Aim of the exercise: Among the records below, how many lines contain "they"? State the number and nothing more.

Information supplied:

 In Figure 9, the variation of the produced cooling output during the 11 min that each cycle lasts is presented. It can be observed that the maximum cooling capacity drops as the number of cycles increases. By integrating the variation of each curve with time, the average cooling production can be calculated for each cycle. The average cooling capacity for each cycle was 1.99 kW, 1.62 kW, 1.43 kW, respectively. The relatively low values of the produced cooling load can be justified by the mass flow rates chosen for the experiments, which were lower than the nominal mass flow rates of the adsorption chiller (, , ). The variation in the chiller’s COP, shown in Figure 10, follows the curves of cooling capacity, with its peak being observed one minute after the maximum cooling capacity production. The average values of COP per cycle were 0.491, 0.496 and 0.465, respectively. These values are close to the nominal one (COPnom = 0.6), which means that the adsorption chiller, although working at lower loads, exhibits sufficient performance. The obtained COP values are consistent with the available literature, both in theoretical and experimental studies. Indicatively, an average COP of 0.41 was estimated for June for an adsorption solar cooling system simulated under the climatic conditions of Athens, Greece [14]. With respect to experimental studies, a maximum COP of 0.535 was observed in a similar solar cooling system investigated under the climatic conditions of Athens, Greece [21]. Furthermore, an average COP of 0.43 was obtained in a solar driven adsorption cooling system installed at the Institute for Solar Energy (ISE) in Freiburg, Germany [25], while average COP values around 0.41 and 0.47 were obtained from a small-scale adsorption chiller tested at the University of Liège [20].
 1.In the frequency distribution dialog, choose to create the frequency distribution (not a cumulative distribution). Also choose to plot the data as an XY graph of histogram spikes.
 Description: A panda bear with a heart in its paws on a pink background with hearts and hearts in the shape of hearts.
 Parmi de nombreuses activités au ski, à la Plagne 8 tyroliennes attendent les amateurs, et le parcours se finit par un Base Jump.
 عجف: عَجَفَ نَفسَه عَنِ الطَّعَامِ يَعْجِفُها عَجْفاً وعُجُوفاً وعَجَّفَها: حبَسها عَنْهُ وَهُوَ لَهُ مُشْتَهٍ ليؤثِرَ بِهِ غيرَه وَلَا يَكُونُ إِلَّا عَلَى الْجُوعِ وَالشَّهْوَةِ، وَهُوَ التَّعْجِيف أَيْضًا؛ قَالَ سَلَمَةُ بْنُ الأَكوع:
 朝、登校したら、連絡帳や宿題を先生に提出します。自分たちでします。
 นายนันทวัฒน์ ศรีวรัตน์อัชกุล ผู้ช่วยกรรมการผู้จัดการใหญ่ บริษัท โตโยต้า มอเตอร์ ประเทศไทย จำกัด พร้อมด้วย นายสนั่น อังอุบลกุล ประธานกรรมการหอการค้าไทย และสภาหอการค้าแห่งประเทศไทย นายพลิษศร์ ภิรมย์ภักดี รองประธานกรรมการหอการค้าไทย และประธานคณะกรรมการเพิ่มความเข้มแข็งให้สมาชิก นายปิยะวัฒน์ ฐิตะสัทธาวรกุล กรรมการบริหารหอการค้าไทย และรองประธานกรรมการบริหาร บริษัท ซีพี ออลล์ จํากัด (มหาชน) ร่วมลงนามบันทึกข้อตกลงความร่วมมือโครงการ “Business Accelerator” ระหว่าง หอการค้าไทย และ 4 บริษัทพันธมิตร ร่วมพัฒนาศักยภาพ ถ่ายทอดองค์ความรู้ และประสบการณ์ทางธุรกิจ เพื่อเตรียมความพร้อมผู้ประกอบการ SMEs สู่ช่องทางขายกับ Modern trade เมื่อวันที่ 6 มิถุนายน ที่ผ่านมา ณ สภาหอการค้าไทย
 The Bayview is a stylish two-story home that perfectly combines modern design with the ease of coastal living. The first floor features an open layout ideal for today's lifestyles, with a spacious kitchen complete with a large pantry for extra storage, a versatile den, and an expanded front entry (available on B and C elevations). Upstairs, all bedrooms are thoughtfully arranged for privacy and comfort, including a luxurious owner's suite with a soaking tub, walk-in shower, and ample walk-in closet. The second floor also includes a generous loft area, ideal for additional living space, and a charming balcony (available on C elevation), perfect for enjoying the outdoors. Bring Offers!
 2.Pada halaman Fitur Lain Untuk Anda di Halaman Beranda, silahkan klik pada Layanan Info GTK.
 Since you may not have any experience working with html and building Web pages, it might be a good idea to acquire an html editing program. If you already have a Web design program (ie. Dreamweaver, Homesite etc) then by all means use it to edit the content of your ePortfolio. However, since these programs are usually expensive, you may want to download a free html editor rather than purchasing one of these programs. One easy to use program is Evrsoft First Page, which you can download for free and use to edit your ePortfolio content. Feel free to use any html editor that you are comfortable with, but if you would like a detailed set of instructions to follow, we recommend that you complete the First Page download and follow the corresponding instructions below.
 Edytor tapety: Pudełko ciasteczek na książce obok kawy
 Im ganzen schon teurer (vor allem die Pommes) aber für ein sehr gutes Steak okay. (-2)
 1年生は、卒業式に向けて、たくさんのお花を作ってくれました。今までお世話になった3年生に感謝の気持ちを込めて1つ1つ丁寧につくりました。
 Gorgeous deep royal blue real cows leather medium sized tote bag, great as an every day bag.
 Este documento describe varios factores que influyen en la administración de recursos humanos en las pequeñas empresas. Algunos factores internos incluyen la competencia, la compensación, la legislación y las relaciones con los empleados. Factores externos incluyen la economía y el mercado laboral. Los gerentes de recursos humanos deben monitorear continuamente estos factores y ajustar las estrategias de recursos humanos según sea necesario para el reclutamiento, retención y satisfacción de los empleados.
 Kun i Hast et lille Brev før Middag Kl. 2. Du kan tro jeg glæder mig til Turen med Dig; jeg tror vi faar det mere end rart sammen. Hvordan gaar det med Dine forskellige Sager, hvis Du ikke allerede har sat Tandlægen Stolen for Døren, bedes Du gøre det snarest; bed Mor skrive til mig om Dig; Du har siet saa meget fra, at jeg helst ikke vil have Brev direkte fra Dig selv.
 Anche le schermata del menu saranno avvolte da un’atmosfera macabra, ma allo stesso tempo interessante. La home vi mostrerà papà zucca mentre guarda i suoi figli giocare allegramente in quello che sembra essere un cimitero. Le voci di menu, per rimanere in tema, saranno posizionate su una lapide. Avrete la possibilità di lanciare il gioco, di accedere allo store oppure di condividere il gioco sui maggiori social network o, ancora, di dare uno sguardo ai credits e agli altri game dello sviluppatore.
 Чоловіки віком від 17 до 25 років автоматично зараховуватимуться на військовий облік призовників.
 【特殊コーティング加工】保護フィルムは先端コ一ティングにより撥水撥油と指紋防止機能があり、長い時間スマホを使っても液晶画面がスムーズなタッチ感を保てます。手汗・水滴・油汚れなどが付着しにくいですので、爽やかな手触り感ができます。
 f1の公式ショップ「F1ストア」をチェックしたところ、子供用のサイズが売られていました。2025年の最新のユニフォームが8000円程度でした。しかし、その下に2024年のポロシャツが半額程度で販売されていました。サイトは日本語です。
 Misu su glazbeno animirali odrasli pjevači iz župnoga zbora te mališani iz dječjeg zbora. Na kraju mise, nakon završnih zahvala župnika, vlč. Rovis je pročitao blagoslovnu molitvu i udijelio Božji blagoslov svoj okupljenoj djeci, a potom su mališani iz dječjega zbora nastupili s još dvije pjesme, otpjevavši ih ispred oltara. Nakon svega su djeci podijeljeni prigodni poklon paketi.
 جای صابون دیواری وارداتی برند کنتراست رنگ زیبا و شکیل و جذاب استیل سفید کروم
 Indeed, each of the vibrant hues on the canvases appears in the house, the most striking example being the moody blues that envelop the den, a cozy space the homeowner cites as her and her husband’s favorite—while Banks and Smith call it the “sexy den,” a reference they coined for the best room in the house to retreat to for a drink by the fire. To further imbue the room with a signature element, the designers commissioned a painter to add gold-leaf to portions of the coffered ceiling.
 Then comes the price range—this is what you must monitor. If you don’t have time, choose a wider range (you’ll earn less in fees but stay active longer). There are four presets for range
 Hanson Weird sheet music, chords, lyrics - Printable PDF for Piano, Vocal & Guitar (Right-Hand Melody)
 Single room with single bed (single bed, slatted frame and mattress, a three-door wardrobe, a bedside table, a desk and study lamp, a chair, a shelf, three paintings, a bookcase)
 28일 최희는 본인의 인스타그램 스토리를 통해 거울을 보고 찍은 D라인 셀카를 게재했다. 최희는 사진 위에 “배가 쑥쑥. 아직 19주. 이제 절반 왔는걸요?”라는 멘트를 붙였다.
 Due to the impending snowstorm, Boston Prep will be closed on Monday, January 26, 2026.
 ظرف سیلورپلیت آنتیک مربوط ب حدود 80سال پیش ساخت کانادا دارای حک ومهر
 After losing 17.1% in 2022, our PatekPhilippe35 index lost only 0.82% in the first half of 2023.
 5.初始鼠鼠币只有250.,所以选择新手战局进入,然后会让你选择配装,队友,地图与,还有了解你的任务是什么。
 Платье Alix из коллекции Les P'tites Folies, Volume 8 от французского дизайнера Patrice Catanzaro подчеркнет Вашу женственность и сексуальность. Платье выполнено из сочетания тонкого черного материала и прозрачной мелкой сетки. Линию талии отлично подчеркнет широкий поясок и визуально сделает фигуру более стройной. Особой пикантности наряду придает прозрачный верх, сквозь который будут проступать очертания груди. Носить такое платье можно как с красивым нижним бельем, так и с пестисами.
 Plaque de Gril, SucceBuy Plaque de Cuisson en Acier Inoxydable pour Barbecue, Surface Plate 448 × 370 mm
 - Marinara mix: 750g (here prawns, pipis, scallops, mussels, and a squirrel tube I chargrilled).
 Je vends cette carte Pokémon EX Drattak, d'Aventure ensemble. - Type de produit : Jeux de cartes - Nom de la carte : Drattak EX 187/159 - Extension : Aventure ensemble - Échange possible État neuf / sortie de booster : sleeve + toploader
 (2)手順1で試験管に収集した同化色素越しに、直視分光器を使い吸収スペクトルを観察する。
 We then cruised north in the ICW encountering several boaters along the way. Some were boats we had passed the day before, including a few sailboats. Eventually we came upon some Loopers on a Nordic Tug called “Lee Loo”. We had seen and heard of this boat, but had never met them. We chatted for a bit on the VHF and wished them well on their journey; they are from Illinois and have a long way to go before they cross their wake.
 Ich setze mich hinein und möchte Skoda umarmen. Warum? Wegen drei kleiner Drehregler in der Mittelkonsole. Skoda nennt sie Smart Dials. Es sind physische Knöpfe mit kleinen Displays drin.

Finished exercise: 2